> EXERCISE DESCRIPTION
An exact copy of the listing below is needed, with no pictures in it.

> PROVIDED MATERIAL
_ _ _ _ _ _ _

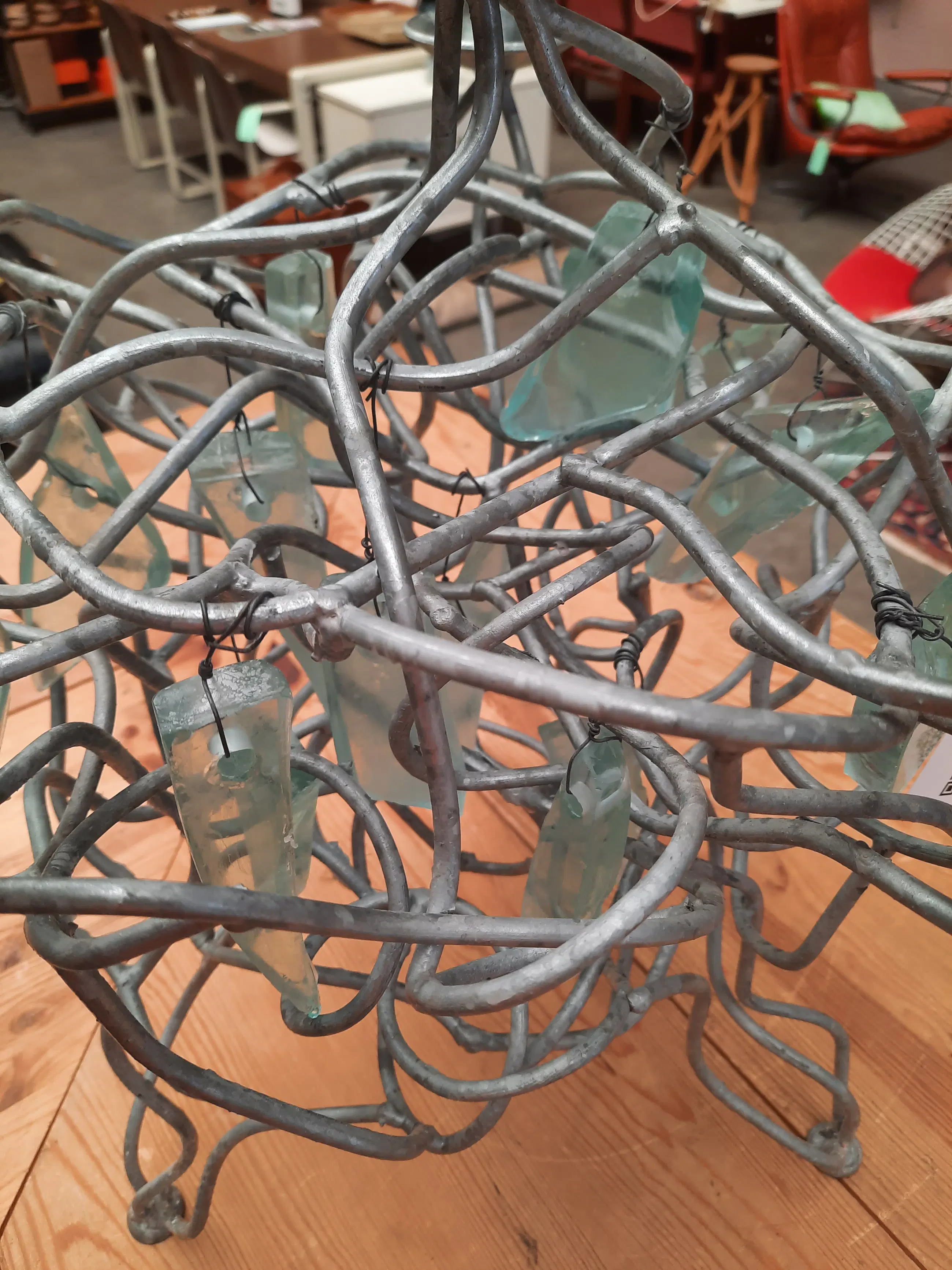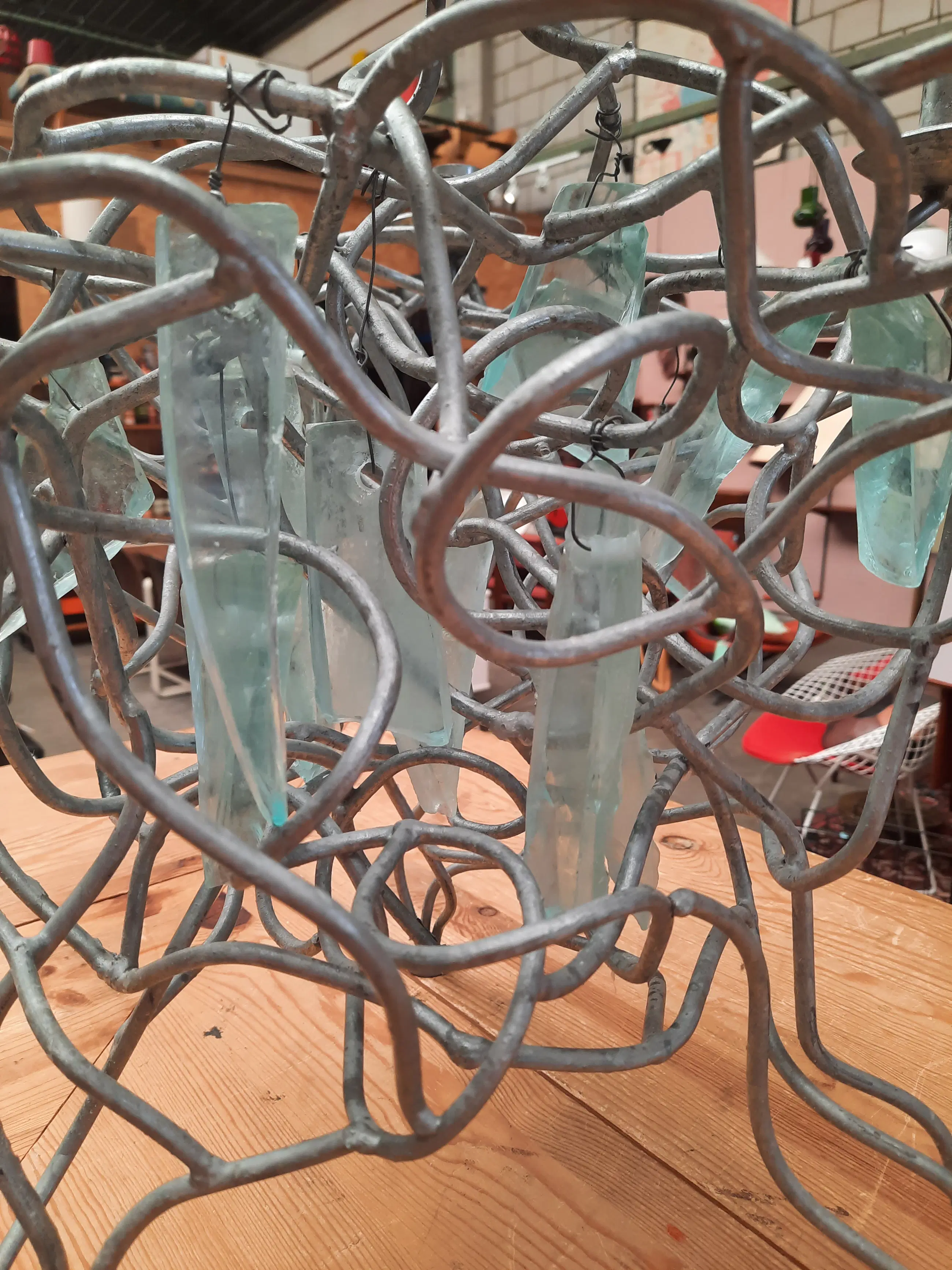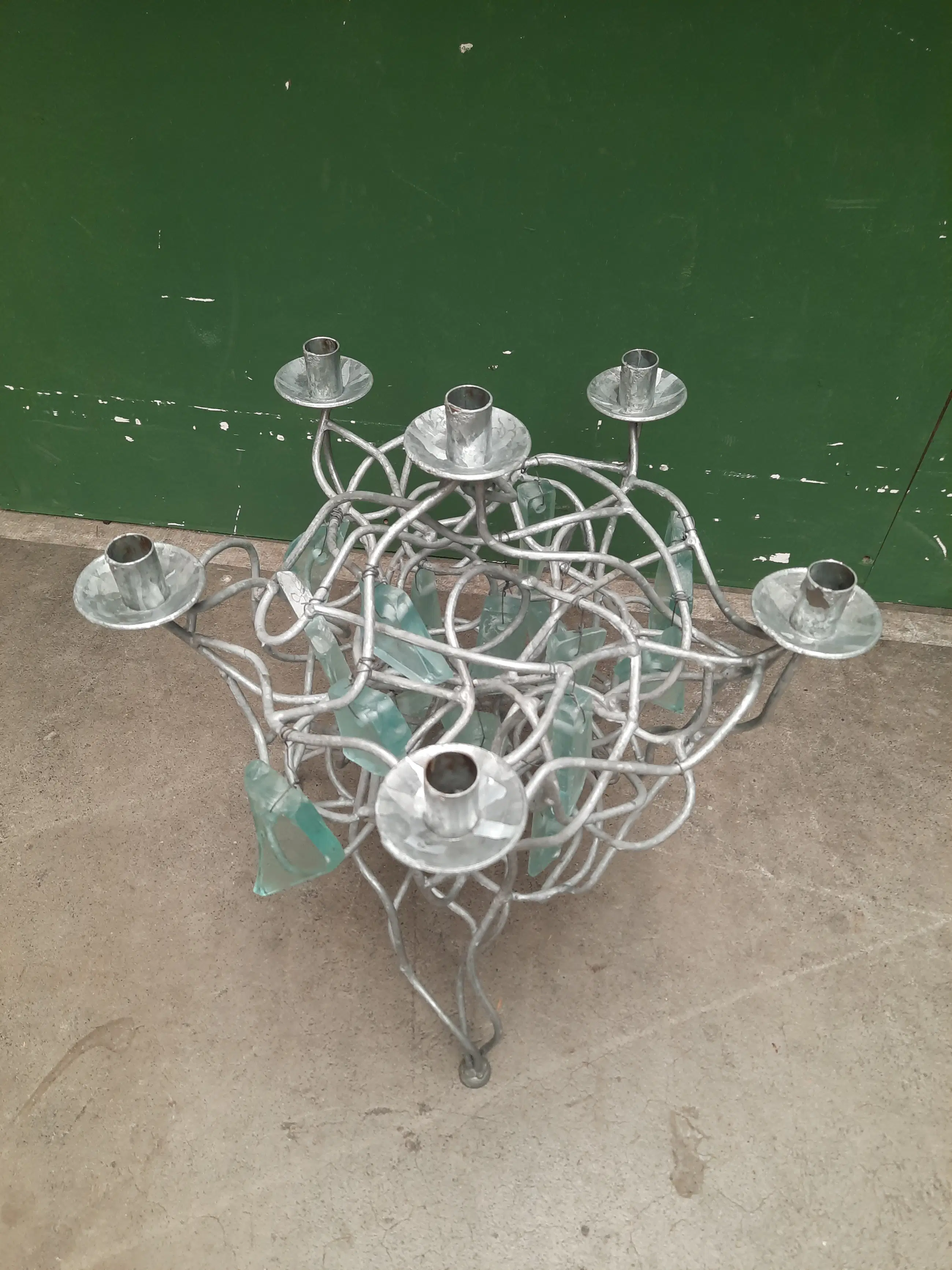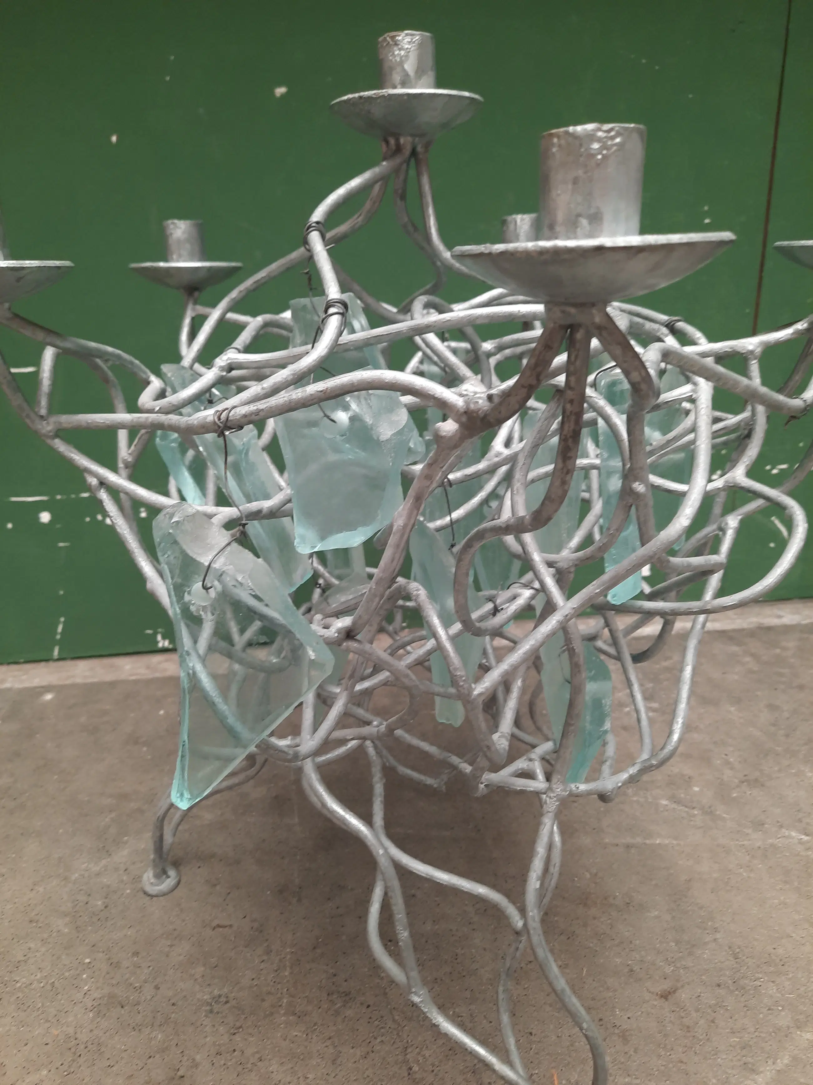 Mooie design kandelaar van de hand van Brand van Egmond. Gegalvaniseerd ijzer met dikke glazen stukken. Plek voor 6 kaarsen. 50 cm hoog (zonder kaars)
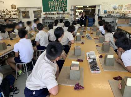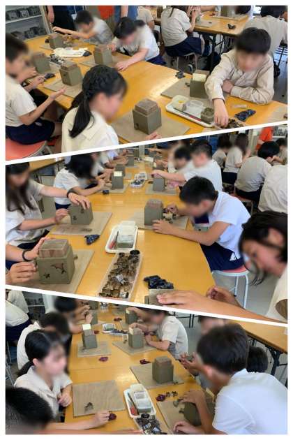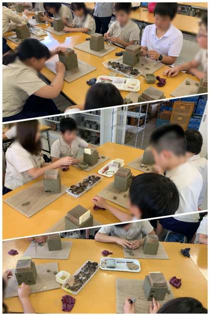 『夢工房』さんで瓦粘土陶芸体験をしています。
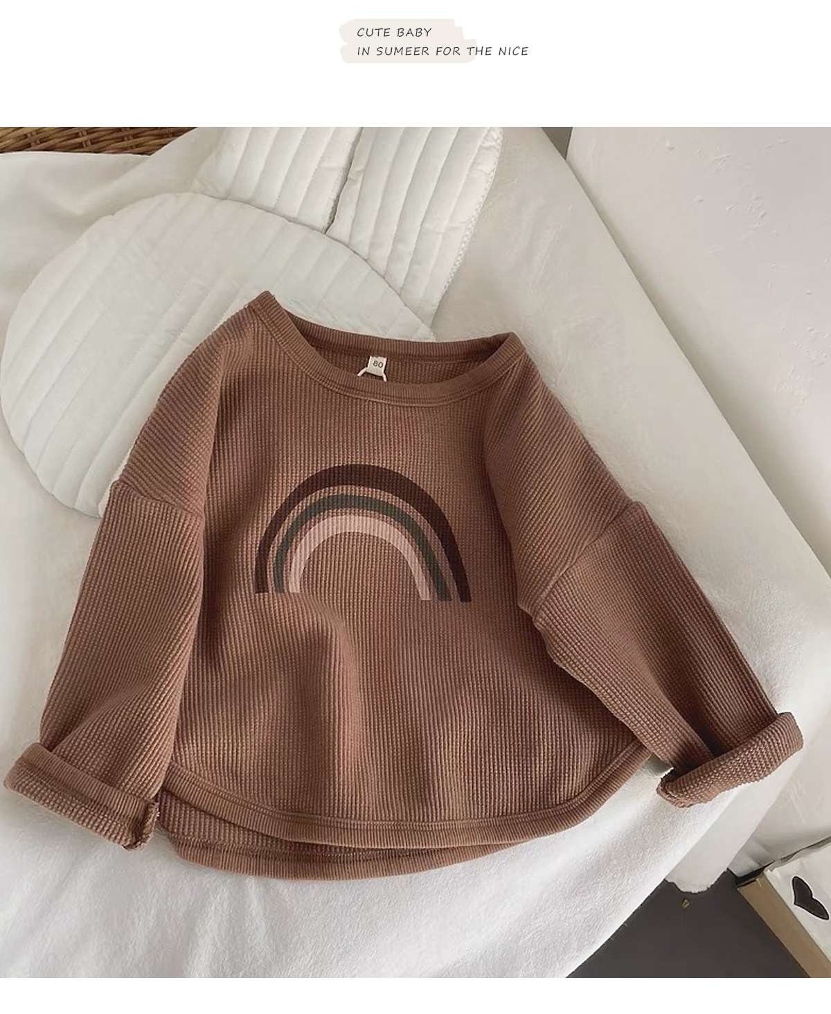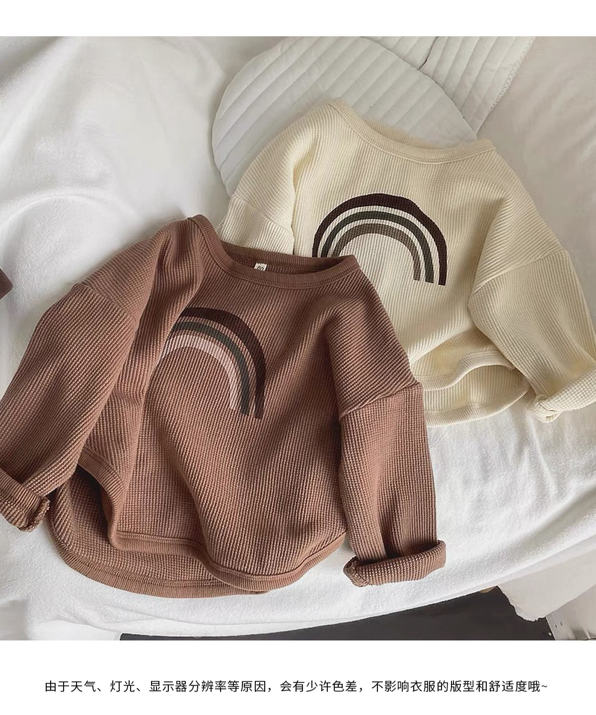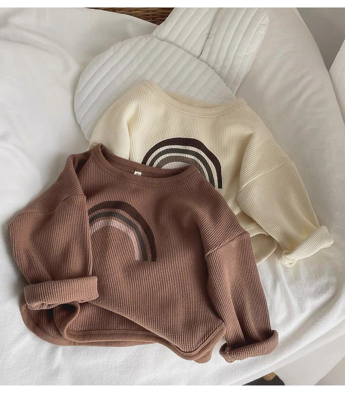 인터넷 연예인 와플 ~ 아동용 레인보우 티셔츠 한국 티셔츠 소년 소녀 바닥 셔츠 2025 봄, 가을 긴팔 탑

_ _ _ _ _ _ _

> RESPONSE BELOW
 Mooie design kandelaar van de hand van Brand van Egmond. Gegalvaniseerd ijzer met dikke glazen stukken. Plek voor 6 kaarsen. 50 cm hoog (zonder kaars)
 『夢工房』さんで瓦粘土陶芸体験をしています。
 인터넷 연예인 와플 ~ 아동용 레인보우 티셔츠 한국 티셔츠 소년 소녀 바닥 셔츠 2025 봄, 가을 긴팔 탑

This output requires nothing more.